We always knew that we wanted to take our kids camping, but guilt-inducing parenting articles reminding our generation that our kids aren’t getting outside enough sealed the deal. Neither my husband nor I grew up camping, however, so we had a steep learning curve. What we’ve found is what most folks won’t tell you when they are extolling the virtues of a family camping trip: It can really suck. No, I mean really suck. Your job as a parent is to get through the suck and not let your kids see how much it sucks, so that they, too, can someday experience the suck with their own kids. Why? Because as painful as it can be, it can also be the most engaging, endearing, and memorable time you ever spend together as a family. Here’s a list of the things I wish I had known before packing up the car for the first time:

  1. Practice setting up your crap first. Never open a tent for the first time at a campsite. Just don’t. At many state parks, you can’t check into a site until late in the day. If you don’t know what the hell you are doing with all your equipment, you’ll have some pissed off kids who are wondering where their dinner is at 10:00 p.m. while you are still trying to figure out what pole goes where.
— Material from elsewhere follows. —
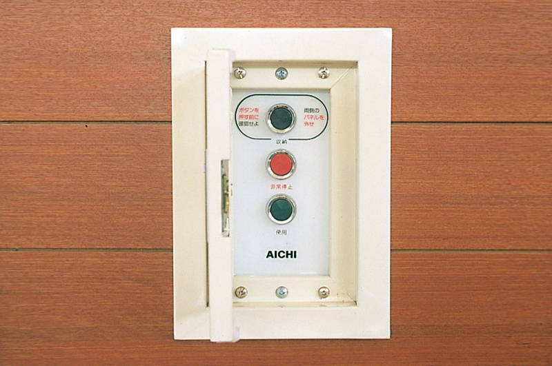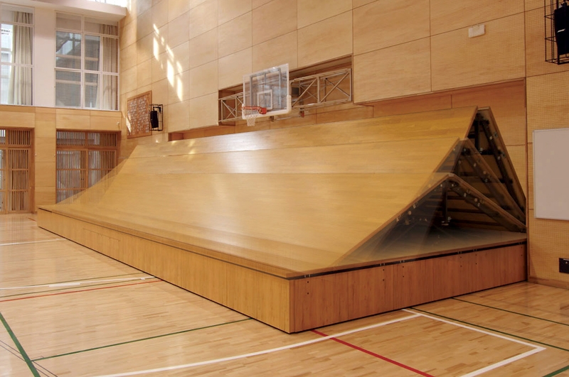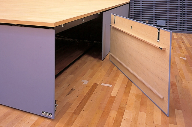アイステージMWは、手動により設置・収納ができるステージです。スプリングの力を利用した跳ね上げ式構造により数名で容易に操作ができます。

  2. Draw out a list of what you can’t live without when roughing it. I’m talking the basics. Real basic, like sleep. With four kids to wrangle at a campsite over a series of days, sleep must happen. And don’t give me that crap of the crickets and the stars lulling you to sleep under the blissfully swaying trees. Unless you regularly sleep on your hardwood floors, I would recommend an air mattress. We can fit two queen sized air mattresses and two singles into our 8-man tent. It looks a bit like a giant bouncy house, but it works.
  3. Don’t be a hero. If your idea of camping means that you emerge from the wilderness sporting a week’s worth of stubble wearing the pelts of the animals you hunted, skinned, and cooked over a roaring fire you started with two twigs and your bare hands, you might consider lowering your expectations. A lot. If it’s a first (or even a second or third) camping trip with your kids, do yourself a favor and start at your closest state park at a site that provides electricity and water. They’ll also have bathrooms. With showers. Remember that part about sleep? Now imagine that scenario with six people, a dog, and no access to showers. Not happening, folks. Not happening.
  4.  Keep your dreams of campfire culinary greatness at home. My kids know that if they see a bag of Doritos on the kitchen counter when they get home from school, we are going on a trip. Camping makes everyone hangry. For the most part, we pack healthy foods including lots of fresh fruits and veggies. Heck, we even make our own granola and trail mix, but I never regret having some crap on hand that’s quick and easy and tastes good over a fire. And sometimes that crap is refrigerator biscuits, cooked in any one of several thousand different ways. And that’s ok.
  5. Have a disaster plan. I know, a vacation shouldn’t require such a plan, but this is camping and things can go wrong. Be prepared. Talk through what you want to do if it rains. What if a kid gets hurt or stung by something that you can’t identify? What if you get split up from each other when hiking? You can’t possibly predict all that could go wrong, but you need to have an idea of how you are going to react to the most common scenarios. I have no fewer than five fully stocked first aid kits on hand when we go camping. I wish I was kidding.
  6. Prepare to entertain your kids. Read enough parenting articles related to the great outdoors and you’ll get the idea that the second your children go outside they will frolic like cute little woodland creatures, keeping themselves occupied for hours birdwatching and exploring the local flora. Hogwash. If your kids are in school, they are used to being directed by adults for 8 hours every day. Eventually, they will entertain themselves, but it might be with such wonderfully creative games as “Rock Tag” where the person who gets hit with the rock is “It.” Bring board games and cards, coloring books and crayons. Print off a camping scavenger hunt or make your own. Buy out every last glow stick Dollar General has to offer. Choose a campground that has a playground and try to pitch your tent within sight of it. You can sit back with your glass of wine while watching your kids play with all the other children whose parents are doing the exact same thing you are.
  7. Embrace the suck. Channel your inner Mary Poppins. Know going into your trip that it is going to be a lot of work, that it will probably downpour while you are trying to set up your tent, that you’ll have forgotten to pack somebody’s wubby that they just can’t possibly sleep without. Take notes on what worked and what didn’t, what gear you needed and what you wished you had. Make camping a habit. You’ll all become much more proficient at it with practice.

Accept the negative aspects of your camping adventure so that you can then shift your focus to where it needs to be – on spending uninterrupted time with your family. Work your butt off, but also play together. Tell stories. Hike the trails together, hand in hand. Your time together doesn’t last forever. Make it count.